В сражении римский легион являл собой отлаженный механизм уничтожения, но этим дело не ограничивалось. Умение воинов строить превращало военную победу в длительное господство над территориями и областями: это было своего рода стратегическое оружие, которое могло служить основой империи {8} .

Кампании Цезаря в Галлии проходили на относительно позднем этапе римских завоеваний. Рим начал свое существование как один из многих городов-государств, на первых порах борясь за выживание, а затем за локальную гегемонию в Центральной и Южной Италии. Начальный этап истории города окутан легендами, как и многие подробности его ранних локальных войн. Кое-что, однако, известно об этих конфликтах начиная с конца VI в. до н. э. Они продолжались, то вспыхивая, то затухая, вплоть до начала III в. до н. э., когда в результате капитуляции этрусков в 283 г. до н. э. и поражения греческих городов-государств на юге Италии в 275 г. до н. э. римляне установили свое господство над окружающими землями. Победив в этих локальных конфликтах, Рим затеял распри с Карфагеном – другой великой державой Западного Средиземноморья. Первая Пуническая война продолжалась с 264 по 241 г. до н. э. и завершилась превращением Сицилии в римскую провинцию. Затем произошли две войны, длившиеся с 218 по 201 г. и с 149 по 146 г. до н. э. Они окончательно сокрушили мощь Карфагена. Победа над ним сделала Рим бесспорным хозяином Западного Средиземноморья, а Северная Африка и Испания стали частью его владений. Тогда же Римское государство стало расширять свои границы в других направлениях. Македония была завоевана в 167 г. до н. э., а прямое римское правление над Грецией установилось в 140-х гг. до н. э. Это стало прелюдией к установлению господства над всеми богатыми странами Восточного Средиземноморья. Около 100 г. до н. э. Киликия, Фригия, Лидия, Кария и многие другие области Малой Азии оказались в руках римлян. Вслед за ними вскоре последовали и другие. Покорение Средиземноморья завершилось присоединением селевкидской Сирии Помпеем в 64 г. до н. э. и Египта Октавианом в 30 г. до н. э.
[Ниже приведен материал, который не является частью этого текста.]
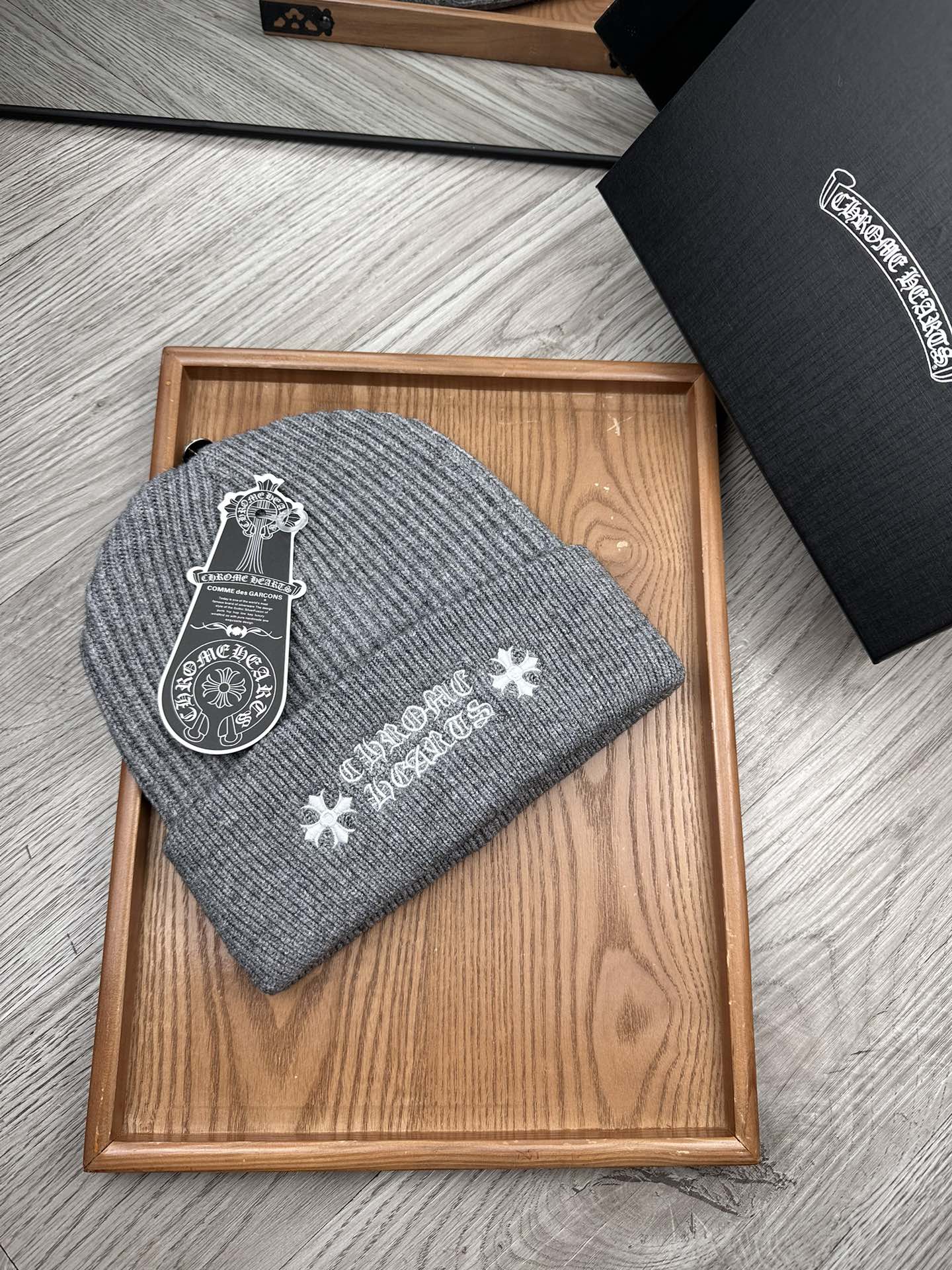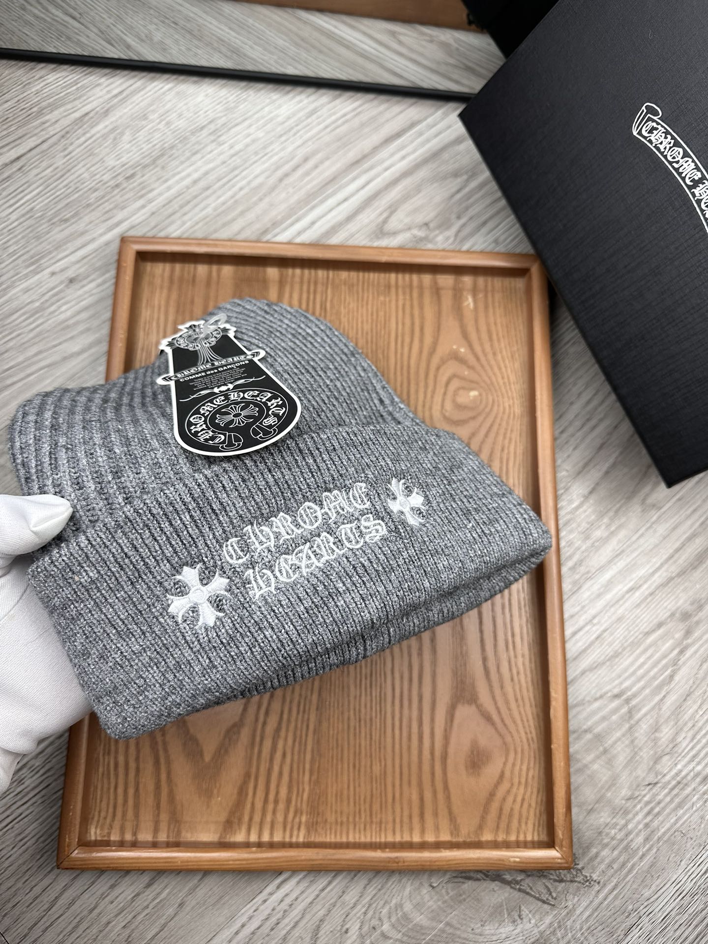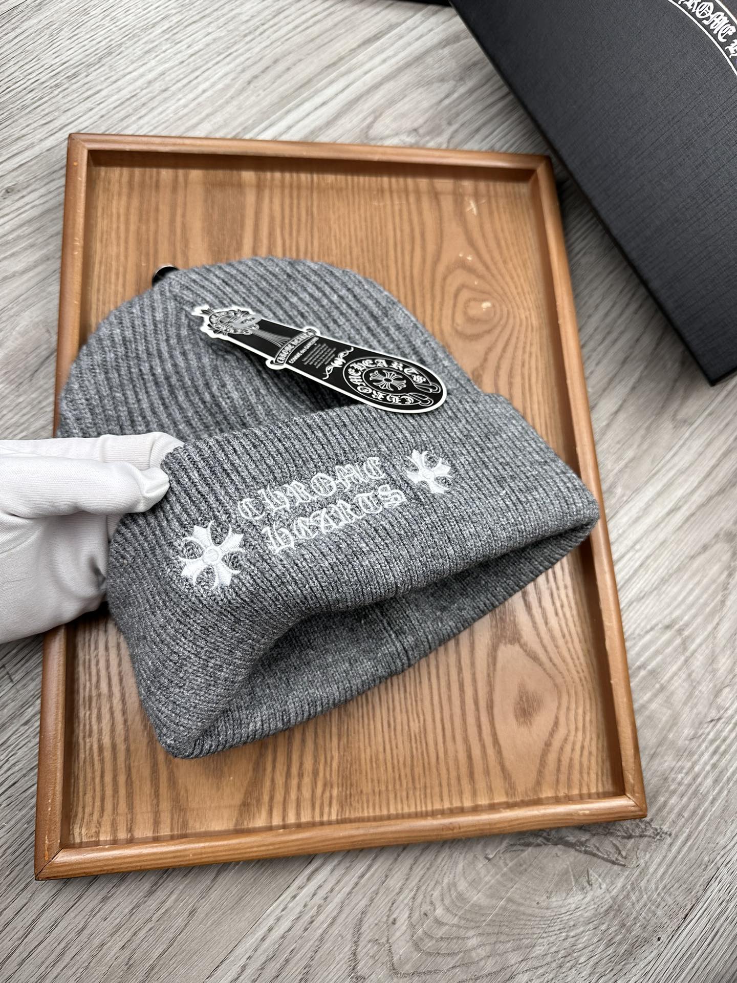 这款帽子是AAAAA 1:1 质量 (非常棒). 使用了和原版一模一样的材料. 商标部分也保持了和克罗心/Chrome Hearts一样. 图片拍摄是实物帽子拍摄, 您所收到的实物保证和我们图片一模一样.

Средиземноморские страны всегда находились в центре имперских устремлений римлян, но, чтобы добиться своего, последним вскоре пришлось двинуть легионы в края к северу от Альп, в несредиземноморскую Европу. За установлением римского господства над кельтами в Северной Италии последовало образование провинции Нарбоннcкая Галлия (Gallia Narbonensis), охватывавшей по существу, средиземноморскую Францию. Эти новые территории должны были прикрывать Северную Италию, поскольку горы (даже самые высокие из них) не являлись надежной защитой, как это доказал Ганнибал. В позднереспубликанский и раннеимперский период примерно пятьдесят лет до и после Рождества Христова империя продолжала расширяться, поскольку ее различные деятели желали прославиться. К этому времени заморские завоевания стали опробованным путем достижения власти в самом Риме, так что завоевания продолжались в краях, которые не могли принести дохода и не были стратегически важными. Благодаря Юлию Цезарю вся Галлия оказалась приведена под власть Рима в 58–50 гг. до н. э. Политику завоеваний продолжил его племянник и усыновленный преемник Октавиан, более известный под именем Август, первый из римских императоров. К 15 г. до н. э. подбитые гвоздями сапоги легионеров попирали земли на Верхнем и Нижнем Дунае – приблизительно территория нынешних Баварии, Австрии и Венгрии. Некоторые из этих областей издавна управлялись царями – клиентами Рима, но теперь они превращались в римские провинции и ставились под прямой контроль. К 9 г. до н. э. все земли до реки Дунай были захвачены, и выступ вокруг альпийских перевалов, ведущих в Италию, оказался присоединенным к империи. В последующие тридцать лет или около того граница на севере Европы двигалась то вперед, то назад по направлению к реке Эльбе. Трудности, связанные с военными действиями в германских лесах, привели к отказу от честолюбивых планов к востоку от Рейна. В 43 г. н. э., при Клавдии, началось завоевание Британии, а прежнее Фракийское царство (территория нынешней Болгарии с некоторыми прилегающими землями) официально вошло в состав Римской империи в качестве провинции тремя годами позднее. Теперь наконец северная граница проходила по двум крупным рекам – Рейну и Дунаю, и больше в этих краях она не менялась до конца истории Римской империи {9} .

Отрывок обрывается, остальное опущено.